Synthesis and characterization of novel high-performance thin film nanocomposite (TFN) FO membranes with nanofibrous substrate reinforced by functionalized carbon nanotubes

Abstract

One of the big challenges for forward osmosis (FO) practical application is the lack of high performance FO membranes. In this research, we successfully fabricated a novel thin film nanocomposite (TFN) FO membrane consisting of a polyetherimide (PEI) nanofibrous substrate reinforced by functionalized multi-walled carbon nanotubes (f-CNTs) and an ultrathin polyamide rejection layer.
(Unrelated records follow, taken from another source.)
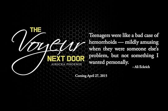 Title: The Voyeur Next DoorAuthor: Airicka Phoenix Genre: NA Contemporary Erotic *Warnings: Strong sexual content & language. (18+ Only)*Release Date: April 27, 2015Hosted by: Lady Amber's ToursBlurb:He lived next door. Alison Eckrich was an expert at being invisible. Having been raised by a mother who saw only flaws, she had learned long ago to watch and never participate. Until him. He was gorgeous from what little she could make out through his bathroom window and he awakened things inside her she had always been told was wrong. But she didn’t care. She was addicted. Gabriel Madoc was no stranger to the cold sting of betrayal. His broken heart had left him hard and bitter and that was how he liked it. Until her. She was a vision in the soft twilight. Everything about her called to him. It didn’t even matter he couldn’t see her face. He wanted her. The rules were simple: No names. No faces. No attachments. They both had what the other needed so long as they never broke the rules. But what will happen when the mystery is unveiled and they both come face to face with the truth and each other? Is what they shared in the cloak of darkness enough to keep them together, or will reality tear them apart? FB Release Party: https://www.facebook.com/events/808116989263187/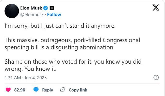 据悉,马斯克当日在社交媒体平台上发布消息称,这项规模庞大的法案“荒谬可笑、充斥着政治操弄”。马斯克称,该法案将使预算赤字大幅增至2.5万亿美元,使美国公民背负难以承受的债务负担。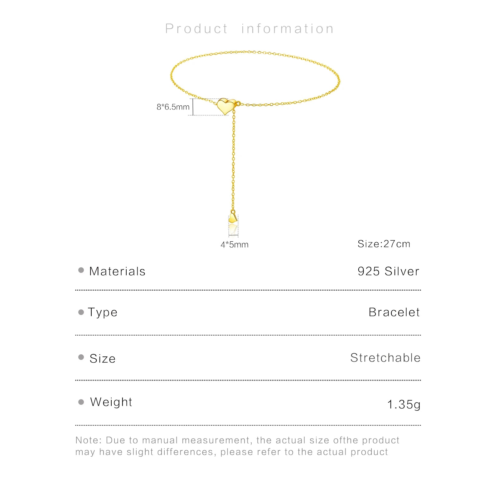 925 Sterling Silver Adjustable Heart Bracelet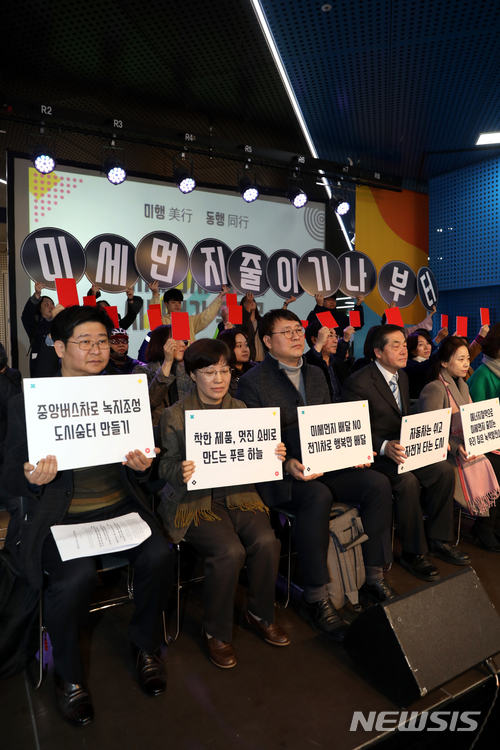 22ÀÏ ¿ÀÀü ¼¿ï Áß±¸ ¼¿ï½Ãû ³» ½Ã¹Îû¿¡¼ ¿¸° ¹Ì¼¼¸ÕÁö ÇØ°áÀ» À§ÇÑ ½Ã¹Î»çȸ¼±¾ð ±âÀÚȸ°ß¿¡¼ ¾ç¼±Èñ(¾ÕÁÙ ¿ÞÂÊ µÎ¹øÂ°) ¼¿ï YWCA »ç¹«ÃÑÀå ºñ·ÔÇÑ ¹Ì¼¼¸ÕÁö ÁÙÀ̱⠳ªºÎÅÍ ¼¿ï½Ã¹Î °øµ¿Çൿ °ü°èÀÚµéÀÌ '¹Ì¼¼¸ÕÁö ÁÙÀ̱⠳ªºÎÅÍ ½ÇõÇÏÀÚ' ÆÛÆ÷¸Õ½º¸¦ Çϰí ÀÖ´Ù.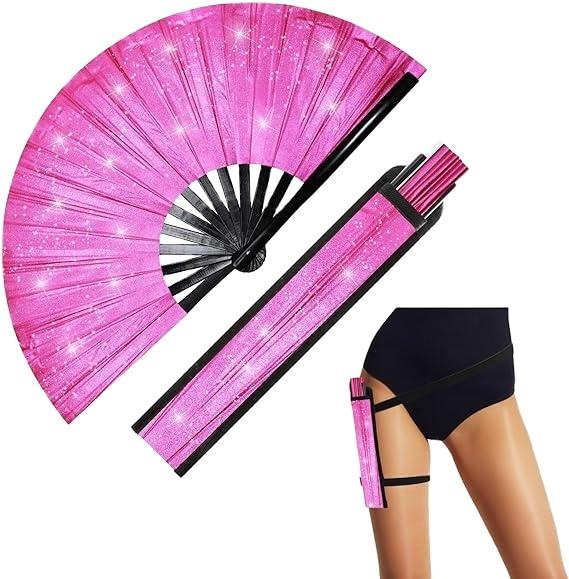 Abanico Plegable Grande con Brillantina, Accesorio para Fiestas, Baile, Música, Decoración, Festivales Rave, para Hombres y Mujeres

In addition to the superior inter-connected porous structure of nanofibrous substrate, the well-distributed f-CNTs in the nanofibers increased the substrate porosity by 18% and reduced membrane's structural parameter (S value) by 30%, and significantly improved the substrate tensile modulus by 53%. The high mechanical strength provided by the embedded f-CNTs enabled us to further increase the substrate pore size and porosity in order to mitigate the internal concentration polarization (ICP). This was demonstrated by the high performance TFN-2 FO membrane with a structural parameter of 310μm. Its water flux at 1.0M NaCl draw solution (DS) was as high as 61 and 33L/m2h in the active layer facing draw solution (AL-DS) and active layer facing feed water (AL-FW) orientations, respectively, indicating the success of the design strategy, i.e., improved membrane mechanical strength enables a further improvement of the membrane structure to mitigate the ICP.